After identifying times and locations that have high taxi demand, we are switching gears to see what factors contribute to higher revenue.

Question 4(a): Which trip category produces the highest revenue: short-distance, medium-distance, or long-distance?

In this subsection of our Exploratory Data Analysis, we examined what types of trips lead to the highest revenue.

from pyspark.sql.functions import month, round, avg

# Calculate revenue per trip for each month
revenue_per_month_df = df.groupBy(month("pickup_datetime").alias("month")).agg(avg("fare_amount")).withColumnRenamed("avg(fare_amount)", "revenue_per_trip")

# Calculate number of trips in each month
# trips_per_month_df = df_raw.groupBy(month("pickup_datetime").alias("month")).count().withColumnRenamed("count", "num_trips")

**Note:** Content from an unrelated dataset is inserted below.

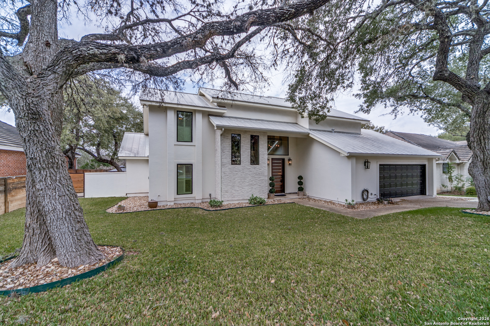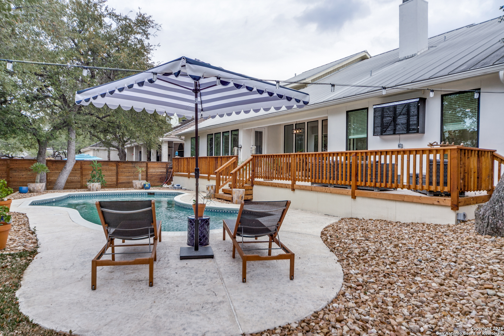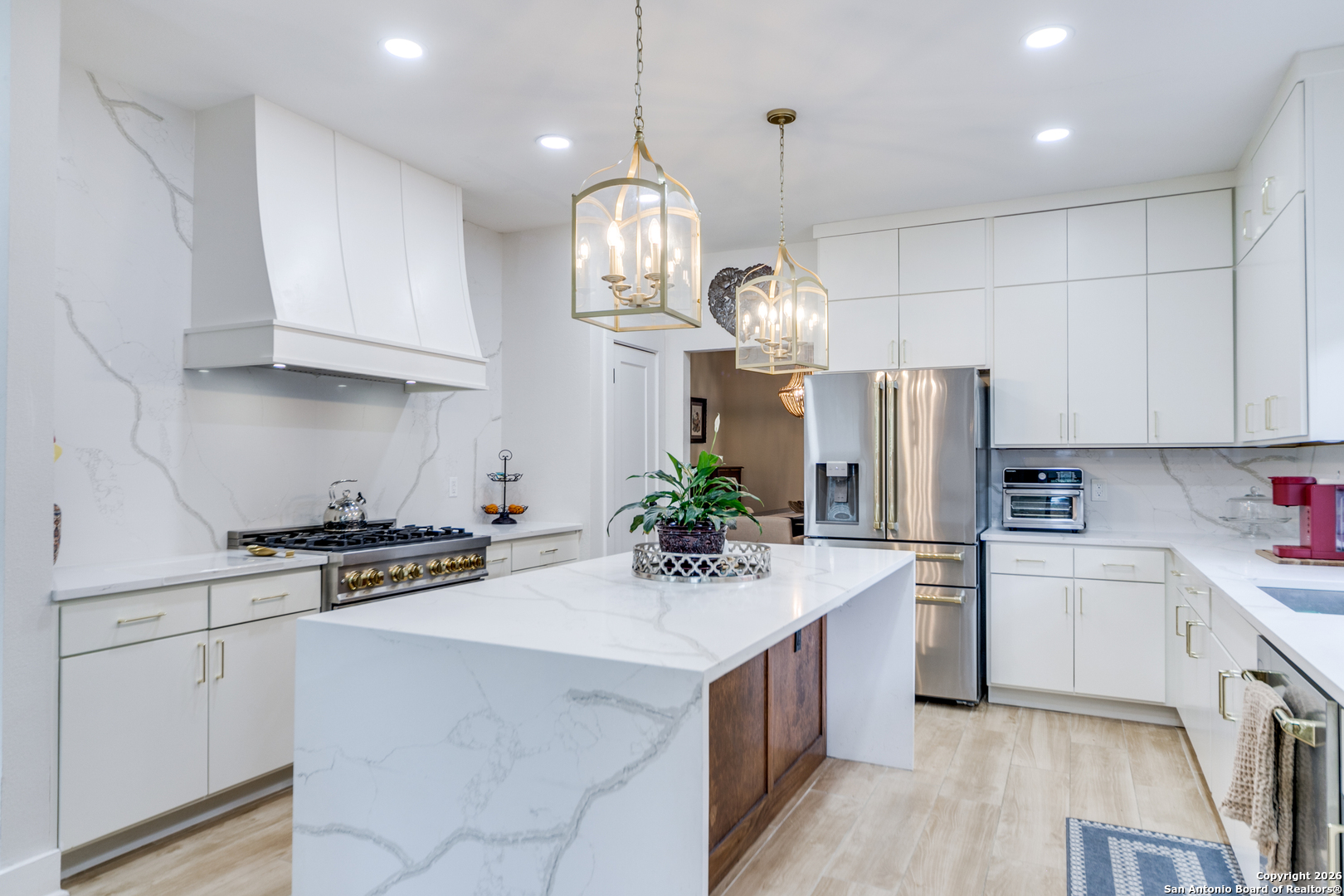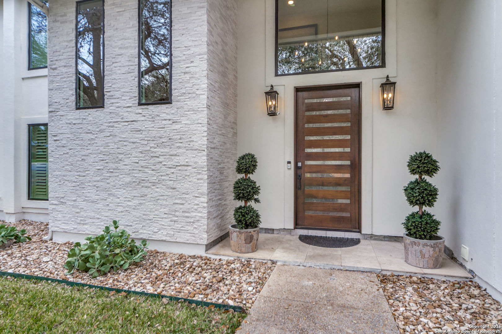 A Hunters Creek North beauty on the greenbelt! An exquisite Modern Traditional custom home showcasing timeless elegance, elevated craftsmanship, and thoughtfully curated modern finishes throughout creating a warm yet sophisticated living experience. This gorgeous modern traditional custom home was fully remodeled in 2023. So many upgrades to mention, agents a list of updates/upgrades can be found in Additional Information. Boasting 5 bedrooms and 3.5 bathrooms, one of the bedrooms can easily be used as an office/study. Upstairs features three bedrooms and two bathrooms in a thoughtfully designed split floor plan. Designed for everyday family living and entertaining, the open-concept layout showcases high ceilings and custom windows that flood the home with natural light and highlight beautiful views of the pool and outdoor landscape. Thoughtfully planned for both function and style, the updated kitchen highlights quartz countertops with waterfall edges, a large island, a gas cooktop, and custom cabinetry. All appliances are ZLine (top of the line) installed in 2023. As you enter the backyard paradise, enjoy time with family and friends on the deck, by the sparkling pool, or down in the lighted cabana. The full sprinkler system in front and back keep green areas happy. The greenbelt behind the property provides access to walking trails and is in close proximity to the Salado Creek Trailhead. Location is everything for 3915 Hunters Rock as you are conveniently located near the airport, La Cantera, Fiesta Texas, shopping, restaurants, USAA, and so much more. Don't miss the opportunity to own this beautifully maintained home!

# Calculate revenue per trip and number of trips for each month
# revenue_and_trips_per_month_df = revenue_per_month_df.join(trips_per_month_df, "month").withColumn("revenue_per_trip_per_month", round(col("revenue_per_trip") / col("num_trips"), 2))

# Sort results by month
revenue_and_trips_per_month_df = revenue_per_month_df.orderBy("month")

# Show results
revenue_and_trips_per_month_df.show()

[Stage 147:===================================================> (225 + 2) / 230]

+-----+----------------+
|month|revenue_per_trip|
+-----+----------------+
|    1|12.1986250570000|
|    2|12.3261965430000|
|    3|12.6058248030000|
|    4|12.8352320990000|
|    5|13.1640045580000|
|    6|13.2056539470000|
|    7|13.1338113010000|
|    8|13.2188672570000|
|    9|13.3761508200000|
|   10|13.2840054000000|
|   11|13.1711842640000|
|   12|13.1354568650000|
+-----+----------------+

Question 4(b): How much each type of trip (long, short, medium) makes per minute of trip?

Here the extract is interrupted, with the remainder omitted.